MAGE-A3/6 and -C2 are cell type–specific regulators of TRIM28 that confer stress resistance to male germline and cancer. A, MAGE-A3/6 and -C2 act as specific regulators of TRIM28 function in transcriptional regulation, apoptosis, autophagy, and cell metabolism (MAGE-A3/6 and MAGE-C2 are cancer cell-specific regulators of TRIM28). B, after genotoxic or nutritional stress, recovery of spermatogenesis in Mage-a KO mice is compromised compared with WT mice. C, MAGE-A3/6 and -C2 promote cancer growth and enable therapy resistance, likely by protecting cells against diverse stressors they encounter during tumorigenesis and treatment.

Figure 5.

MAGE-A11 and -B2 affect transcription and translation, respectively. A, by binding to the E3 ligase HUWE1, MAGE-A11 specifies PCF11 for ubiquitination, which displaces CFIm25 from the mRNA 3′-end processing complex. The subsequent remodeling of the complex leads to 3′-UTR shortening, which leads to increased levels of oncogenes through loss of miRNA repression.
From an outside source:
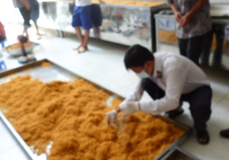Năm 2008, một cơ sở sản xuất chà bông ở phường Thới An, quận B́nh Thủy, TP Cần Thơ đă bị tố cáo là dùng thịt heo hư trộn lẫn giấy b́a các tông sấy khô, tẩm ướp gia vị để xuất xưởng thành ruốc chà bông. Tại thời điểm kiểm tra, xưởng sản xuất này chỉ có một máy xay trộn mà không có các vật dụng thiết yếu khác như xoong nồi, chảo sấy... để chế biến chà bông.

Additionally, down-regulation of ceRNAs inhibits tumor suppressors. Thus, MAGE-A11 function in APA contributes to tumorigenesis. B, MAGE-B2 binds to the G3BP mRNA transcript to repress its translation and decrease G3BP protein concentration. As a result, MAGE-B2/-b4 inhibit stress granule formation and promote cellular stress tolerance, giving a growth advantage to cancer cells and heat tolerance to male germ cells.

Figure 6.

Functions and pathways of the type II MAGEs, MAGE-F1 and -L2. A, MAGE-F1 controls flux through the CIA pathway by regulating MMS19 protein levels. MAGE-F1 interacts with the E3 ligase NSE1 to form an MRL that ubiquitinates MMS19, promoting its degradation. Decreased MMS19 protein levels lead to decreased iron-sulfur (Fe-S) cluster incorporation into downstream targets, like DNA repair enzymes. B, increased levels of MAGE-F1 contribute to dysregulated iron homeostasis by degrading MMS19 and genotoxic stress by suppressing DNA repair pathways. C, MAGE-L2 contributes to the neurodevelopmental disorders PWS and SYS. Mage-l2–null mice exhibit decreased levels of mature neuropeptides, transmembrane receptors, like LepR, and circadian rhythm proteins, all of which may contribute to impaired adaptation to recurring and acute changes in the environment and contribute to the phenotypes seen in KO mice and PWS and SYS patients. Administration of oxytocin immediately after birth or during the first postnatal week rescues survival and normal adult social behavior of Mage-l2–null mice. D, MAGE-L2 is involved in endosomal protein trafficking. Cargo proteins on endosomes are trafficked to either the plasma membrane, the trans-Golgi network, or the lysosome for degradation. The retromer complex (blue) recognizes cargo proteins and, based on their destination, sorts them into endosomal tubules reshaped by localized F-actin patches. VPS35 interacts with the WASH regulatory complex (pink). The MUST complex (MAGE-L2-USP7-TRIM27) activates WASH by adding a Lys-63–linked polyubiquitin chain, which recruits ARP2/3 and promotes downstream F-actin nucleation.